Bravo! Form, fit and color is what matters. How will the end product serve it’s owner/master/maker? Sam Maloof developed his methods to serve the end use. Traditional rocking chairs were prone to failure. This would not do. He understood the technical and made it his bee-otch. Yet that is NOT what he’s known for among end users. Rather it is the sheer beauty of his designs are what still set him apart.
As a photographer, I’ve always operated under the HCB [Henri Cartier Bresson] school for nabbing the best picture, “F-5.0 and be there!” A bit simplistic but it drives home the point that everything else is technical and tertiary to one’s intent. Like whether you prefer producing a highboy with hand-cut dovetails or a CNC machine. The end alone justifies your VISION.
Technical aspects are there to promote our vision. They are what promotes the longevity of the piece. For most, aesthetics drive the buying decision. As we slide toward the engineering end of decision making, it’s probably more toward the functionality-only end of the scale.
I agree 100%.
Every month I show the FWW reader’s gallery to my friend who is an interior designer. I ask which pieces she would put in a client’s home. So far she has not found anything she would use. Woodworkers spend far too much time on mixing species (usually in a garish way to maximize contrast – purpleheart/maple, cherry/maple, etc) and obsessing on razor thin DT pins.
he inspires us all.
Very True , Indeed !
If the point of this post is that design is more important than good joinery, then the OP clearly hasn’t sat in an Ikea chair recently. They are complementary, as far as I’m concerned.
I think this says more about how John Brown perceived his own joinery skills more than anything – which is pretty funny, as they clearly were very much good enough to meet the needs of his work. Even masters have vulnerabilities I guess!
Good design is comfort and appearance (in my book, at least). JB’s chairs are crazy comfortable. And beautiful. IKEA’s fail on at least one of those points.
Oh god, please don’t think I’m putting Ikea up as paragons of design or anything. For “mass consumer grade” furniture though, some of their designs aren’t too bad, but they are invariably let down by the appalling construction. We had one of their lounge chairs for a long time when starting out, and it was actually quite comfortable, right up until it broke.

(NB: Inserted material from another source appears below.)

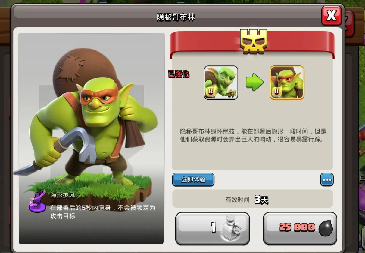 骷髅陷阱、弹簧陷阱与巨型炸弹,能有效干扰武神路线并造成高额伤害。骷髅陷阱触发后召唤的小骷髅,会吸引武神攻击,打断其攻击节奏,使其频繁改变目标,延长在防御火力下的暴露时间。弹簧陷阱布置在城墙狭窄通道或武神必经路线,可将其弹飞,打乱集群阵型。巨型炸弹对集群武神伤害巨大,武神聚集时触发,能瞬间重创多个单位。搭配分散建筑布局,让武神在移动中不断触发陷阱,逐步消耗兵力,大幅降低其进攻能力。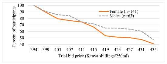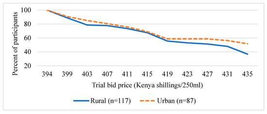 Figure 3 and Figure 4 present the distribution of the trail bid prices (presented during the survey) the participants are willing to pay for UZIMAX. The results show a high potential demand for bio-pesticide when supplied to the market. As can be seen in the figure, all participants were willing to pay at the lowest bid price of Kshs395 (about US$3.95) for 250 mL of the biopesticide. Their WTP for the biopesticides would be offset by the economic and health gains, the reduction in expenditure on insecticide and the environmental and human preservation accruing from the technology. As expected, results are consistent with economic theory. The willingness to pay declined with increase in the bid price for the bio-pesticide. The downward sloping WTP curves resemble demand curves where there tend to be more unwilling participants as the bid prices increase [45,46,47]. The results also show that more males were willing to pay higher bid prices relative to their female counterparts (Figure 3). Similarly, more urban-based participants were willing to pay higher prices than those in rural areas (Figure 4). These results, especially for gender, have been consistent across several studies. A systematic review and meta-analysis of willingness to pay values on malaria control interventions by [44] revealed that gender of the participants was a consistent and significant positively related factor, revealing a higher willingness to pay among male survey participants. Most literature points to differences in access to financial resources between males and females and between rural and urban residents as well as differences in access to medical/health information as the main causes of the differences.

I get it that you’re saying great joinery won’t save bad design – and agree – but I’d also say that bad joinery will also let down even the best design. Clearly JB wasn’t in either of those categories though 🙂
There is a wide swath between “bad joinery” and “perfect joinery”. I’ve made plenty of joints that are far from perfect, but also plenty strong to “hold together” and “do the job it was made for”. This excerpt doesn’t give me the impression that Mr. Brown was a proponent of shoddy work.
“petty cash of woodwork” What a great line.